Pour y arriver, il faut qu'Assad soit convaincu par les Russes, qui ont actuellement le plus d'influence, et par les Iraniens. Les Russes sont plus pressés : ils ont des élections l'année prochaine, et pas la moindre envie de rester engagés en Syrie. Surtout, il n'y aura pas d'argent pour la reconstruction : je comprends qu'on ne pourra pas convaincre des pays tels que la France de payer pour la reconstruction sans au minimum la garantie d'une stabilité politique. Il y a aussi la question des 5,5 millions de réfugiés présents dans la région : ils sont fiers de leur pays, ils l'aiment et ils ont envie d'y retourner, mais ils ne le feront pas tant qu'ils n'auront pas le sentiment d'avoir des garanties contre une éventuelle punition et tant qu'il n'y aura pas des élections organisées avec l'ONU, ce qui peut signifier un vrai changement, ni une reconstruction du pays et une situation économique qui s'améliore. Nous sommes donc à un moment particulièrement important.

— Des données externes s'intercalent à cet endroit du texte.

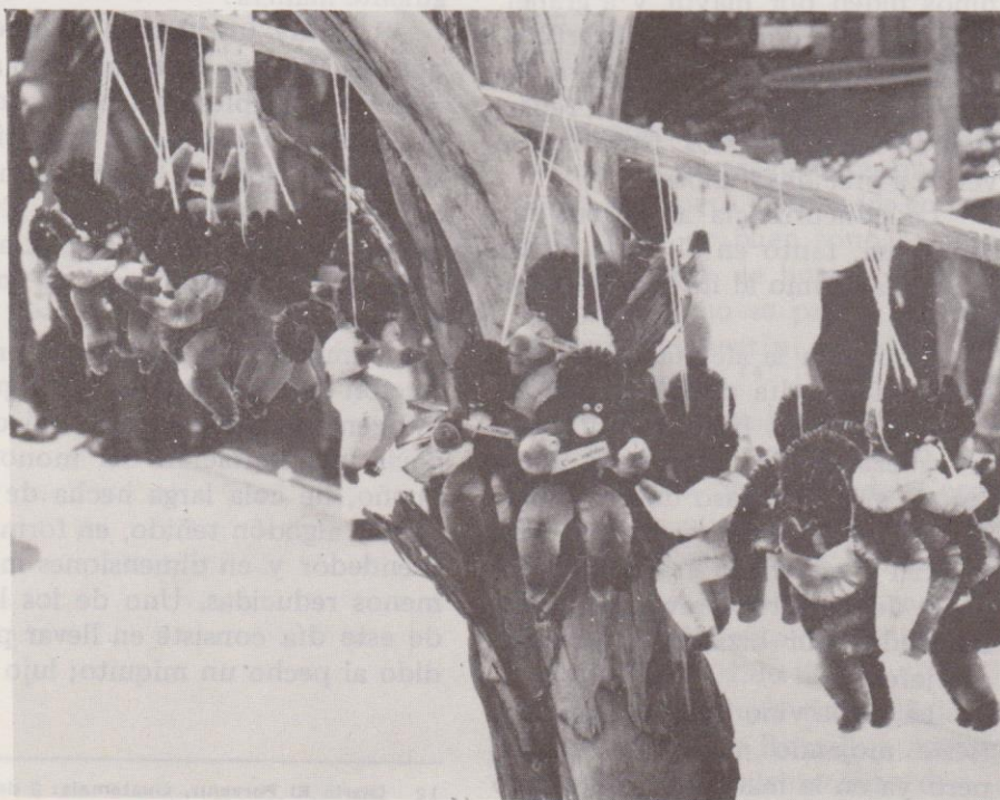
Un vendedor de “micos” o “changos” de cerdas y alambre.

—Cómprame la tortuga, gritaba la otra y los patojos también vociferaban: micos, micos presentan do una colección de cuadrumanos en miniatura fabricados de diversos materiales.

Dans ce contexte, je dois dire que j'ai beaucoup apprécié l'intérêt direct du Président Macron pour la crise syrienne. Il est très difficile de combiner la Realpolitik et les idéaux, c'est-à-dire non seulement les aspects humanitaires, la justice et la nécessité de punir ceux qui ont tué tant de gens, mais aussi le besoin de trouver une formule permettant d'éviter que d'autres soient tués et que la situation se transforme en crise chronique. Du courage intellectuel est nécessaire pour accepter l'existence des faits et en même temps les influencer. A un moment où il y a tant d'intérêts communs, notamment celui d'éviter l'émergence d'un nouveau Daech, le Conseil de sécurité doit être uni au lieu de se diviser comme il le fait aujourd'hui. Par ailleurs, il serait peut-être judicieux de créer un groupe plus restreint de pays, directement engagés, afin de trouver une formule qui n'est pas impossible du tout à ce stade – nous en sommes même très proches – pour « aider » M. Assad à faire ce dont il n'a aucune envie, mais qui est dans son intérêt, et pour « aider » aussi l'opposition à ne pas penser qu'elle peut remporter une guerre qu'elle n'a pas gagnée jusqu'à présent. Après tant de morts, c'est le moment d'aboutir.